Ever since the era of “must see TV” ended, NBC has acquired the stigma of being a network on the decline. While shows like Law & Order and The Office still brought in decent ratings and comedies like Community and 30 Rock earned critical acclaim, the once dominant Peacock just couldn’t seem to approach the heights of national ubiquity once enjoyed by ’90s hits like ER and Seinfeld. In the last few years, NBC has approached the level of an outright laughing stock, with its crumbling ratings becoming the butt of many jokes.
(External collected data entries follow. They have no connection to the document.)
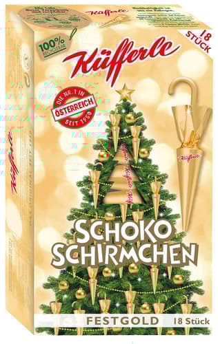 Die Küfferle Schokoschirmchen sind ein Klassiker, der seit Generationen für weihnachtliche Freude sorgt. Gefertigt aus zarter Milchschokolade mit fein gemahlenen Haselnüssen vereinen sie cremigen Schmelz mit einer feinen Nussnote. Das festliche Schirmchen-Design macht sie nicht nur zu einem Genussmoment, sondern auch zu einem feierlichen Hingucker im Advent. Ob im Nikolausstiefel, am Weihnachtsbaum oder als kleine Überraschung – die Schokoschirmchen versprühen festliche Stimmung und gehören einfach zur Weihnachtszeit dazu.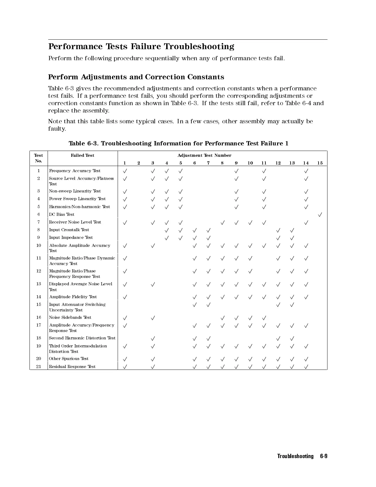 Table 6-3. Troubleshooting Information for Performance Test Failure 1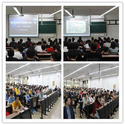 院长方泽波教授主讲,全体辅导员、班主任、班助和2020级新生到场聆听。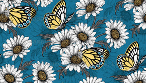 Hand drawn vector pattern with jezebel butterflies and daisy flowers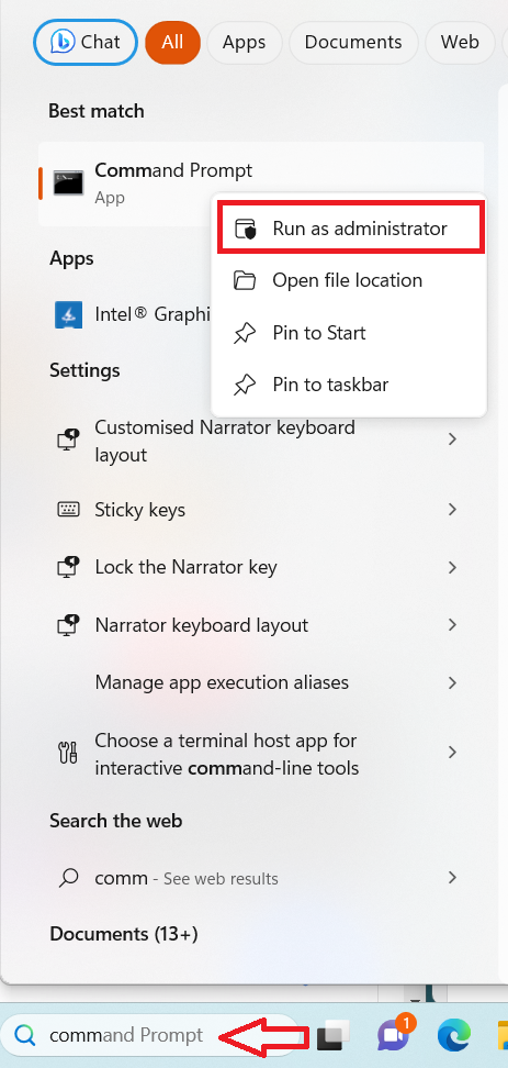 1. Keresse meg a parancssort a keresőmezőben, és kattintson a jobb gombbal a megjelenő listában látható parancssori opcióra. Ezután válassza a Run adminisztrátorként lehetőséget.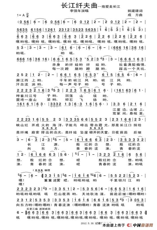词作者说明:随着技术不断发展,机器取代人力,长江纤夫这一工种已经趋于消失。现代人已经难以体会那种日晒雨淋下纤夫日夜拉纤的劳苦,也难以玩味他们劳作的歌声——长江号子,以及他们劳作后的欢欣沉郁。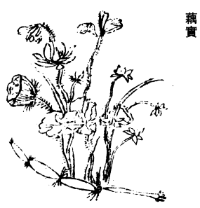 《图经》曰:藕实茎,生汝南池泽,今处处有之。生水中,其叶名荷。谨按:《尔雅》及陆机疏谓:荷为芙蕖,江东呼荷。其茎茄;其叶蕸(加遐二音或作葭);其本蔤,茎下白蒻在泥中者;其华未发为菡萏,已发为芙蓉;其实莲,上谓房也;其根藕。凡此数物,今人皆以中药。藕,生食其茎,主霍乱后虚渴烦闷,不能食及解酒食毒。花,镇心,益颜色,入香尤佳。荷叶,止渴,杀蕈毒。今妇人药多用荷叶者。叶中蒂,谓之荷鼻。主安胎,去恶血,留好血。实,主益气。其的至秋表皮黑而沉水者,谓之石莲。陆机云:可磨为饭,如粟饭,轻身益气,令人强健。医人炒末以止痢,治腰痛。又治哕逆,以实人六枚,炒赤黄色,研末,冷热水半盏,和服,便止。惟苦薏不可食,能令人霍乱。大抵功用主血多效。(蒻音若。)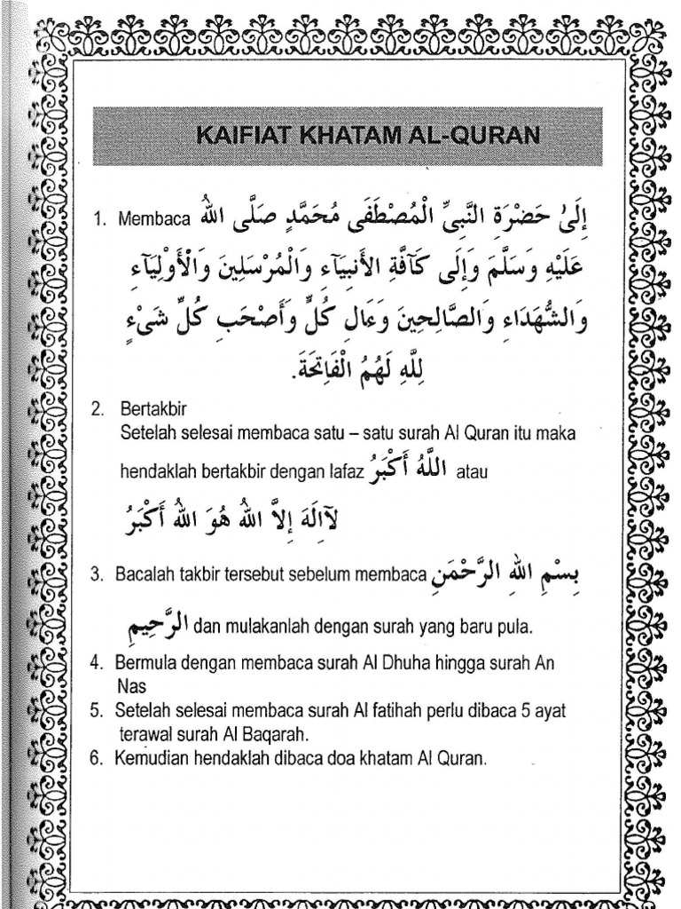 Dilansir dari laman NU Online proses khatam ini tidak hanya menyelesaikan semua bacaan surah dalam Alquran saja. 8 Adab Membaca Alquran dan Keutamaannya. Kaifiat tata cara khataman Al-Quran dimulai dari pembacaan tawasul kepada Rasulullah keluarga dan para sahabatnya.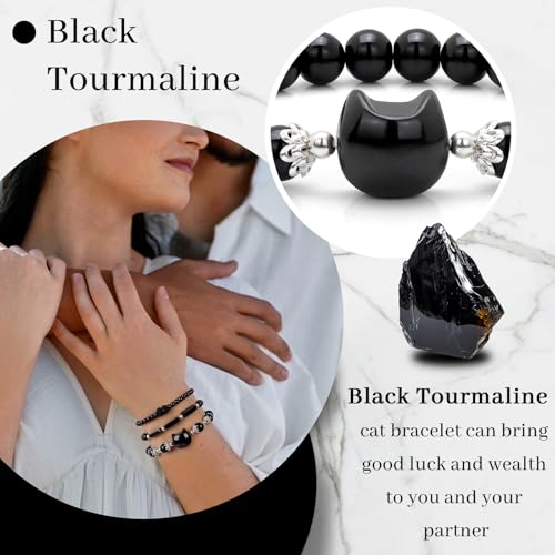 3Pcs Money Attraction Cat Bracelet - Black Obsidian Women Bracelets -Wealth Prosperity Abundance Stone Bead Bracelet,Crystal Spiritual Cute Protection Stretch Bracelet,Good Luck Feng Shui Bracelets For Women Gifts 4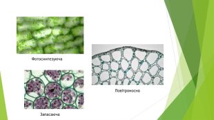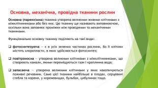 Основна, механічна, провідна тканини рослин. Основна (паренхімна) тканина утворена великими живими клітинами з міжклітинниками або без них. Цю тканину ще називають виповнюючою, оскільки вона заповнює проміжки між провідними та механічними тканинами. Функціонально основну тканину поділяють на такі види:фотосинтезуюча — є в усіх зелених частинах рослини, бо її клітини містять хлоропласти, в яких здійснюється фотосинтез;повітроносна — утворена великими клітинами з міжклітинниками, що створюють канали, якими переміщуються гази і краплинна вода;запасаюча — утворена великими клітинами у яких накопичуються поживні речовини. Саме цієї тканини найбільше в плодах, серцевині стебла та кореня, у кореневищах, бульбах, цибулинах тощо.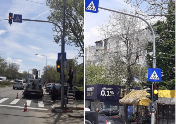 Semafor nou, cu buton, a fost pus în funcțiune în Pitești!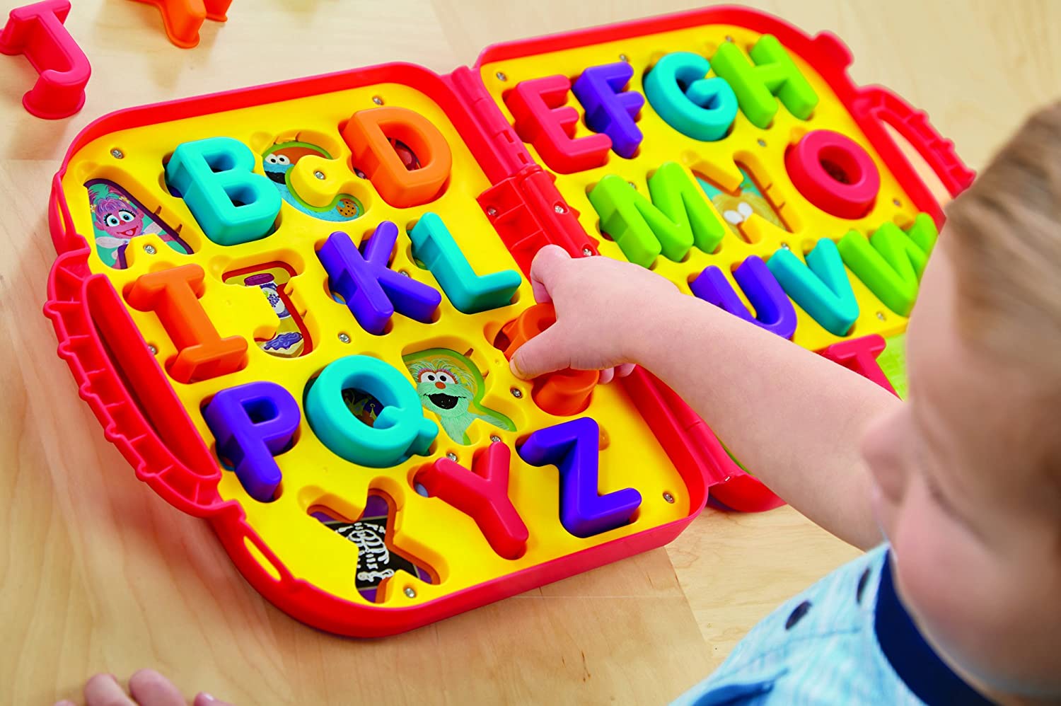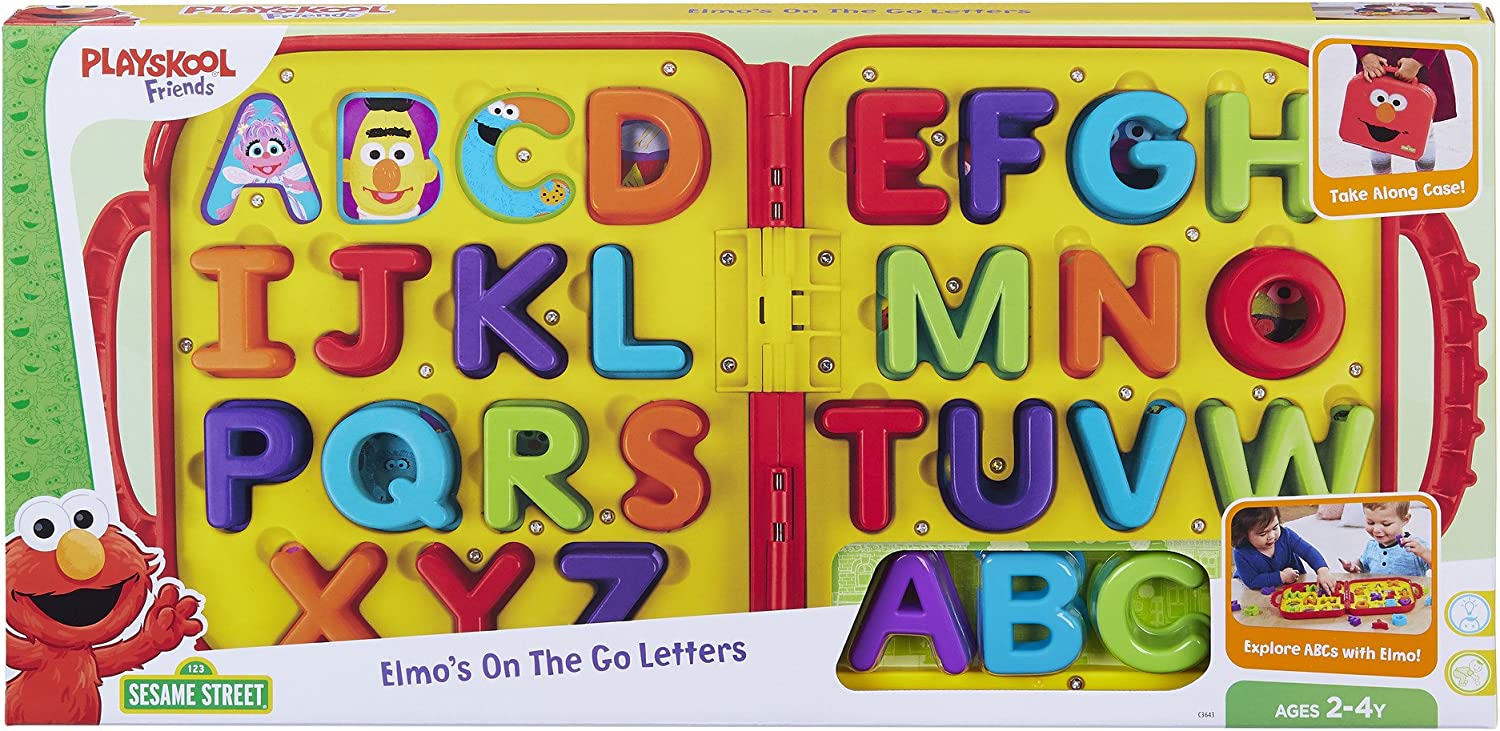 Preschoolers will love exploring the alphabet with their favorite Sesame Street characters in Elmo's On the Go Letters! Snap each letter into place, or mix them up to spell out simple words in the bottom window. Underneath each letter is an image of a word that starts with that letter. When play is done, fold up the Elmo carrying case, and take the alphabet on the go! Sesame Street and associated characters, trademarks and design elements are owned and licensed by Sesame Workshop. Hasbro and all related terms are trademarks of Hasbro.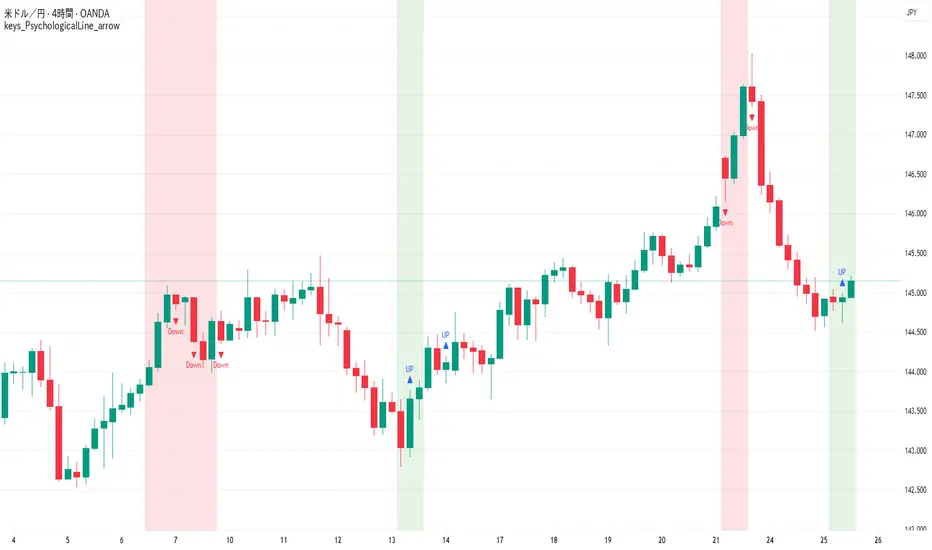 サイコロジカルラインから逆張りを狙った矢印が出るインジケーター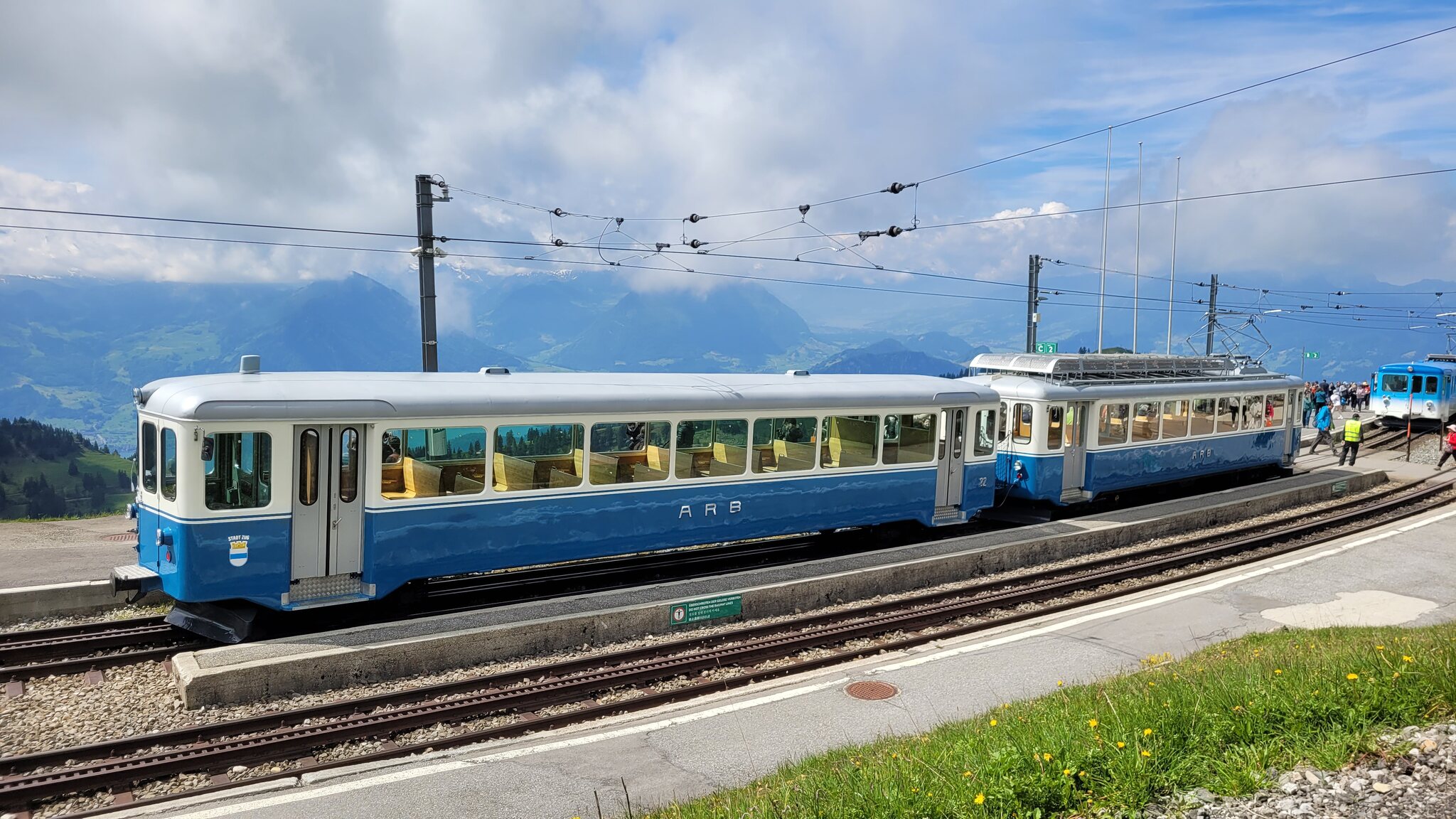 Wobei das nicht die ältesten Wagen sind, die Linie wurde schon 1875 erbaut und feiert ihr 150. Jubiläum. Endstation auf Rigi Kulm:

That was until the 2013-2014 broadcast season. Just last year, NBC ended the 2012-2013 season by declining 4% in the advertiser coveted demographic of adults 18-49, and coming in third overall for the year behind CBS and FOX. The 2013-2014 season saw the network shoot up an applause-worthy 13% in the 18-49 demo, taking the #1 spot in that category for the first time in ten years. Not coincidentally, the 2003-2004 season saw NBC say goodbye to both Friends and Frasier, two of its last really huge hits. As if that wasn’t enough, NBC’s total viewer audience for the 2013-2014 season increased by a massive 33%.
As the old saying goes, to the victor go the spoils, and NBC is laughing all the way to the bank. The rejuvenated Peacock just wrapped upfront ad sales for the 2014-2015 season, bringing in a hulking 2.5 billion dollars in revenue. That’s an 11% increase from last year, and represents the largest year to year rise for NBC so far this decade.
Now, to be fair, NBC did have a pretty big trump card in its deck this year. The Sochi Winter Olympics dominated the ratings for most of February 2014, and definitely played a large hand in NBC’s demo increase. That said, even if you exclude Olympic coverage, NBC still comes out on top. The margin of victory may not be as large when looked at that way, but rising from third to first place in one year is a huge accomplishment regardless.
Another arrow in NBC’s quiver was weekend juggernaut Sunday Night Football, easily the season’s highest rated program among adults 18-49. Would NBC have done so well without the NFL? Maybe not, but show business at the end of the day is just that, a business. NBC has paid the NFL millions upon millions of dollars to hold onto Sunday Night Football, and that investment is reaping massive rewards.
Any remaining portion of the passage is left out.